Usiadłam przy biurku i odwróciłam testy do góry nogami. Cała się trzęsłam. Po upływie dziesięciu minut w końcu się przełamałam i z zamkniętymi oczami odwróciłam obydwa. Kiedy otworzyłam oczy przeraziłam się. Na obydwu widniały dwie kreski. Dosłownie zrobiło mi się słabo. Najprawdopodobniej byłam w ciąży z Cordianem ale może z Willem jezu co ja mam zrobić. Stwierdziłam że najlepiej będzie jeżeli zadzwonię do Cordiana. Trzęsącymi się dłońmi wybrałam jego numer.

-Hej, co tam.- odezwał się beztrosko chłopak.

- Cordian przyjdź do mnie.-powiedziałam.

-Okej? Coś się stało?- zapytał Cordian.

- Pogadamy jak przyjdziesz.

-Ok zaraz będę.

Od razu otworzyłam okno i włożyłam testy do kieszeni bluzy. Usiadłam na fotelu i próbowałam się uspokoić. Po jakiś piętnastu minutach uslyszałam że ktoś się zbliża. Poprawiłam się na fotelu a po chwili przez okno wszedł Cordian.

- Hej co się stało? - powiedział zamykając okno.

Wzięłam szybki wdech i powiedziałam.

- Jestem w ciąży. Prawdopodobnie z tobą.- Powiedziałam pokazując testy ciążowe.

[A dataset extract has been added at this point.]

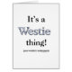 É uma coisa de West Highland White Terrier e só você entende. Coloque esta design "É uma coisa Westie, você não entenderia" em uma camiseta, caneca, adesivo, cartão, botão, poster e muito mais.
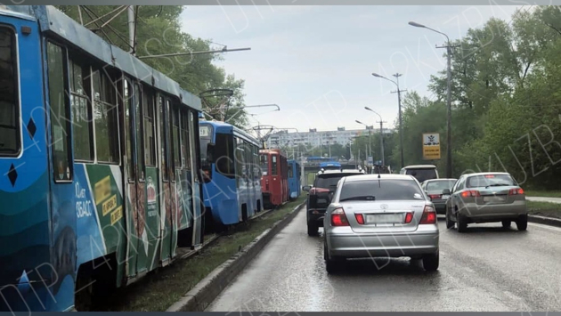 Во вторник, 18 мая, очевидец опубликовал фотографии, на которых запечатлена пробка из трамваев. Создала затор, по словам пользователя Сети, девушка.

Chłopak zaniemówił. Tylko wpatrywał się we mnie z otwartą buzią.

-Jesteś pewna?- zapytał.

- Tak okres mi się spóźnia, miałam nudności i do tego testy. Czy z tobą to nie wiem. ale pewnie tak. Co mam zrobić?

Cordian głośno wypuścił powietrze.

- Dobra najpierw musimy zobaczyć kogo to dziecko. Moja przyjaciółka jest ginekolożką. Spróbuję do niej zadzwonić.

- A co jeżeli nie?- zapytałam zaniepokojona.

- Co ?- powiedział szukając numeru w telefonie.

- Co jeżeli okaże się że dziecko jest. Twoje.

Chłopak odłożył telefon i podszedł do mnie.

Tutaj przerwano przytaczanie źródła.